There is no evidence in the record on this motion as to Defendant's status under the Sex Offender Registration Act, and the Court will not speculate. Two general points, however, are worthy of note. First, unless the “sex offender” has been designated a “sexual predator,” a “sexually violent offender,” or a “predicate sex offender”—terms defined in the statute (see Correction Law § 168–a,  ), if the offender is “classified as a level one risk, or ․ has not yet received a risk level classification,” the duration of the registration and verification requirements of the Act is 20 years from the initial date of registration. (See Correction Law § 168–h.) Otherwise, the duration is for life, subject to provision for being relieved of the duty to register and verify. (See Correction Law § 168–h.)
Second, the Act is based upon a legislative finding as to the “danger of recidivism posed by sex offenders, especially those sexually violent offenders who commit predatory acts characterized by repetitive and compulsive behavior” (see laws 1995, ch. 192, § 1.) As noted above, generally “crimes or conduct occasioned by addiction or uncontrollable habit ․ may have lesser probative value as to lack of in-court veracity.” (See People v. Sandoval, 34 N.Y.2d at 377, 357 N.Y.S.2d 849, 314 N.E.2d 413; see also People v. Bennette, 56 N.Y.2d at 148, 451 N.Y.S.2d 647, 436 N.E.2d 1249 [“impulsive or uncontrollable act”]; People v. Shields, 58 A.D.2d at 98, 395 N.Y.S.2d 476 [“act of impulsive violence”].)

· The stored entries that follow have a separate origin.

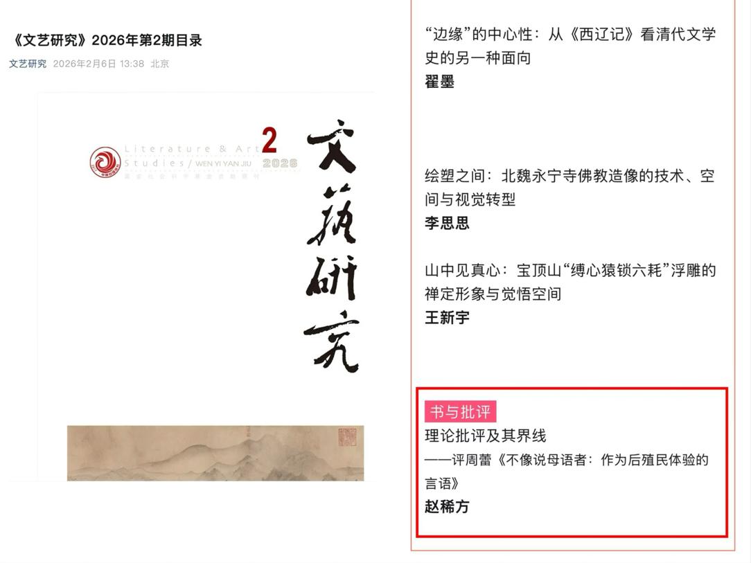 本网讯(人文学院)近日,人文学院中文系赵稀方教授撰写的学术论文《理论批评及其界线——评周蕾〈不像说母语者:作为后殖民体验的言语〉》在权威学术期刊《文艺研究》2026年第2期“书与批评”栏目正式发表。
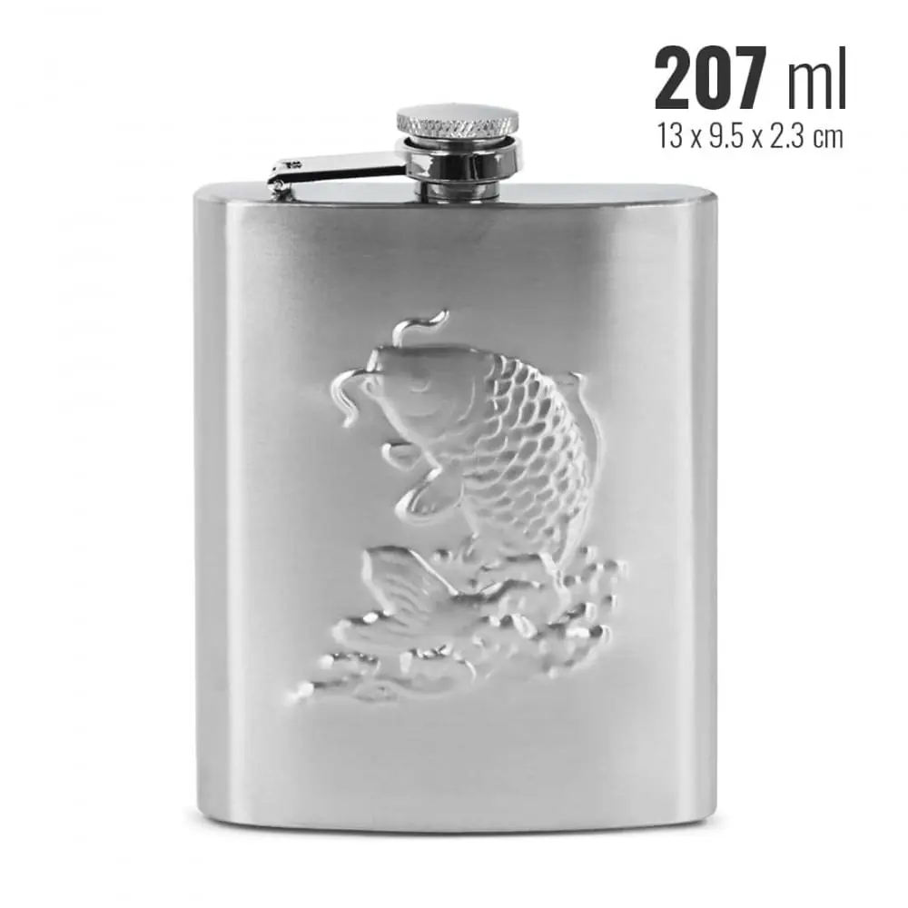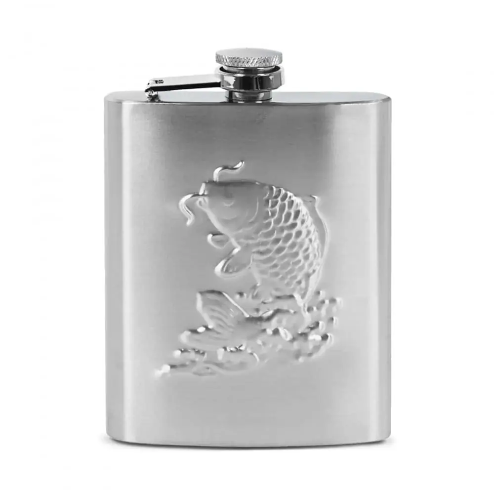 stainless steel alcohol flask with embossed fish motif. elegant discreet and easy to carry it is ideal for outings or as an original gift idea.
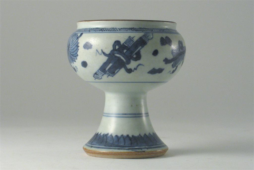 A Chinese blue and white stem bowl
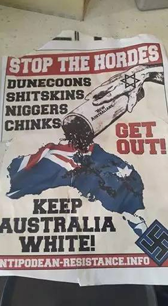 当地学生发现,这些海报背后都印有一个网址,系当地白人独权组织“澳纽抵抗”的网站,该组织崇尚纳粹精神和种族主义,充斥着反人类反社会的内容,宣传白人权力至上、白人统治澳洲的思想。

Again, we know nothing of defendant Olaskowitz's status under the Act. Nor does the record show that, since the first part of 1986 when the offenses were committed on which his convictions were based—now 27 years ago, he has even been charged with similar behavior. Notwithstanding his incarceration for six years, that is yet more than two decades.
Under Sandoval, 34 N.Y.2d 371, 357 N.Y.S.2d 849, 314 N.E.2d 413, “it is the defendant who has the burden of demonstrating that the prejudicial effect of the admission of evidence [of prior convictions and misconduct] for impeachment purposes would so far outweigh the probative worth of such evidence on the issue of credibility as to warrant its exclusion.” (See People v. Grant, 7 N.Y.3d at 424, 823 N.Y.S.2d 757, 857 N.E.2d 52 (quoting Sandoval, 34 N.Y.2d at 378, 357 N.Y.S.2d 849, 314 N.E.2d 413).) The caselaw on the civil side does not explicitly address the issue, but, particularly in light of CPLR 4513, the party who is resisting use of a criminal conviction for impeachment should bear the burden of convincing the trial court to exercise its discretion in favor of preclusion or limitation. The interest of the proponent of the use of a conviction is, of course, not to be ignored, and the court must weigh “the importance of [the party's] credibility as well as the importance of [the party's] presence on the witness stand” (see People v. Hayes, 97 N.Y.2d at 208, 738 N.Y.S.2d 663, 764 N.E.2d 963; see also Davis v. McCullough, 37 A.D.3d at 1122, 829 N.Y.S.2d 388 [“witness offered no relevant testimony ․ and thus his credibility was not at issue”]; People v. Kelly, 270 A.D.2d at 513, 705 N.Y.S.2d 689 [“defendant's credibility was to be a main issue at trial”].)
There is no question but that defendant Olaskowitz's two convictions under Penal Law § 130.40 and two convictions under Penal Law § 130.45 would be relevant to his credibility at trial. As will appear, however, the crimes pled to, as well as those charged, relate to unforced sexual contact, albeit with persons incapable of consent. One of the convictions was clearly for violation of § 130.40(1), i.e., “oral sexual conduct or anal sexual conduct with a person who is incapable of consent by reason of some factor other than being less than seventeen years old,” but the record does not indicate what that factor might be. Another conviction under § 130.40 does not specify whether the plea was to a crime of the just-quoted subsection (1), or to the crime described in subsection (2), i.e., “oral sexual conduct or anal sexual conduct with a person less than seventeen years old.” Defendant Olaskowitz was convicted of both at trial, and the First Department decision reversing the convictions describes “boys under the age of seventeen ․ supplied with drugs, alcohol, money and other gifts to induce them to engage in sexual acts” (see People v. Olaskowitz, 162 A.D.2d at 322, 556 N.Y.S.2d 900.) The Certificate of Disposition for the two convictions under § 130.45 does not indicate any subsection(s), but the crime relates to oral or anal sexual conduct either with a person less than 15 years old (see § 130.45 ) or a person “who is incapable of consent by reason of being mentally disabled or mentally incapacitated” (see § 130.45.) There is nothing in the First Department decision or anything else in the record that would suggest the latter.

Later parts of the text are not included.